--- DATA EXTRACTS ---
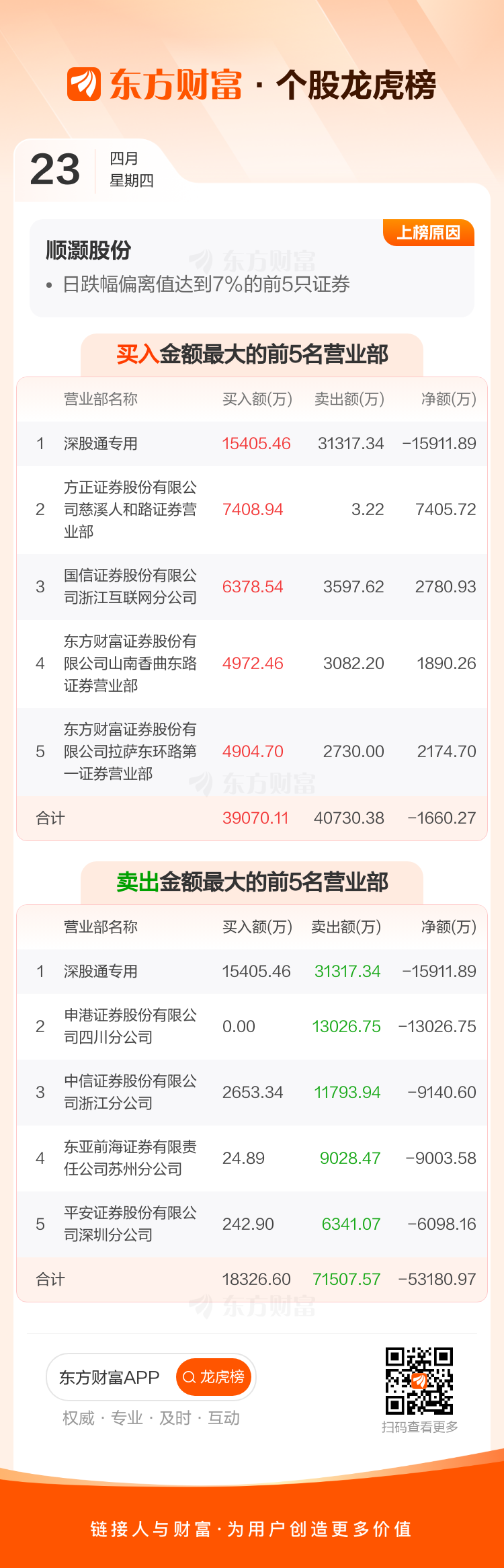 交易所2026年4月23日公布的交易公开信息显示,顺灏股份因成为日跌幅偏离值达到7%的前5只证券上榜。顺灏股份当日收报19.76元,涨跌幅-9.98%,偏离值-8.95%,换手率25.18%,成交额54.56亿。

--

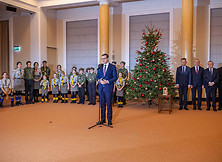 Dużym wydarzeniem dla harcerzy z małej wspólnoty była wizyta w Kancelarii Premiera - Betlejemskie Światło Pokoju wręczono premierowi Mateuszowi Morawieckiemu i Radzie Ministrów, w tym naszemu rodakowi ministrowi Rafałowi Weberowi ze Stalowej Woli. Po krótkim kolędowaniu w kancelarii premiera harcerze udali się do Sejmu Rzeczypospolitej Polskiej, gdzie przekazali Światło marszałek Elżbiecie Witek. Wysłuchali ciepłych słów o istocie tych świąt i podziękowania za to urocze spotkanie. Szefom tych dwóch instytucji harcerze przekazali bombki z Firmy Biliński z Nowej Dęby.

---

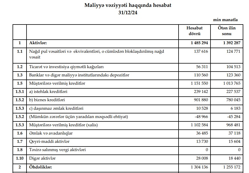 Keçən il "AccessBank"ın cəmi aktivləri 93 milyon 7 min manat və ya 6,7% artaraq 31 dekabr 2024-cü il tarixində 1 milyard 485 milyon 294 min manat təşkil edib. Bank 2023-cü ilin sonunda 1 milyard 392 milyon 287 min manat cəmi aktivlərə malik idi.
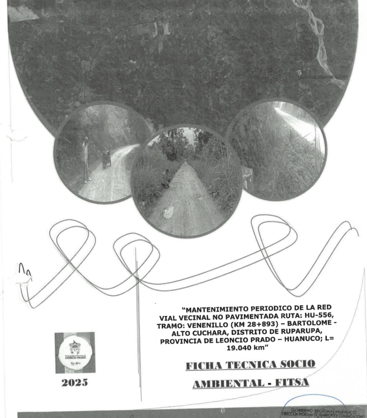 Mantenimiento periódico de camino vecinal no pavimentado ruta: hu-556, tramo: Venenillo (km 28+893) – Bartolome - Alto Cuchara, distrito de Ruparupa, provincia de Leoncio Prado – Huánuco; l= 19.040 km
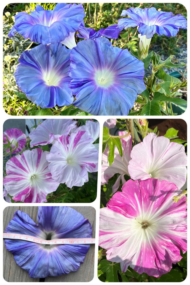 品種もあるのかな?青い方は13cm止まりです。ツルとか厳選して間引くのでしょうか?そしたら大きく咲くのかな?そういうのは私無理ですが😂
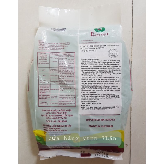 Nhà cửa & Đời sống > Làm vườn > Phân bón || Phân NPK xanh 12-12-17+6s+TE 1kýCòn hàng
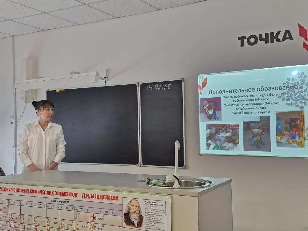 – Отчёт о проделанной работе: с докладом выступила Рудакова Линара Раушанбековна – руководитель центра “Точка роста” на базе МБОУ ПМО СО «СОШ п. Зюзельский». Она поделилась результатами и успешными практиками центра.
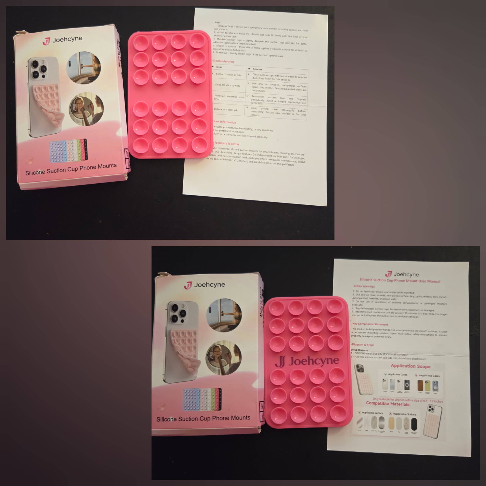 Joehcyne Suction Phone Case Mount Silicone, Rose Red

--- PROBLEM STATEMENT ---
From the records above, output only the lines starting at the one containing "aktivlərə malik idi." and ending at the one containing "Nhà cửa & Đời", word for word. Pictures stay out.

--- SOLUTION FOR THIS EXERCISE ---
 Keçən il "AccessBank"ın cəmi aktivləri 93 milyon 7 min manat və ya 6,7% artaraq 31 dekabr 2024-cü il tarixində 1 milyard 485 milyon 294 min manat təşkil edib. Bank 2023-cü ilin sonunda 1 milyard 392 milyon 287 min manat cəmi aktivlərə malik idi.
 Mantenimiento periódico de camino vecinal no pavimentado ruta: hu-556, tramo: Venenillo (km 28+893) – Bartolome - Alto Cuchara, distrito de Ruparupa, provincia de Leoncio Prado – Huánuco; l= 19.040 km
 品種もあるのかな?青い方は13cm止まりです。ツルとか厳選して間引くのでしょうか?そしたら大きく咲くのかな?そういうのは私無理ですが😂
 Nhà cửa & Đời sống > Làm vườn > Phân bón || Phân NPK xanh 12-12-17+6s+TE 1kýCòn hàng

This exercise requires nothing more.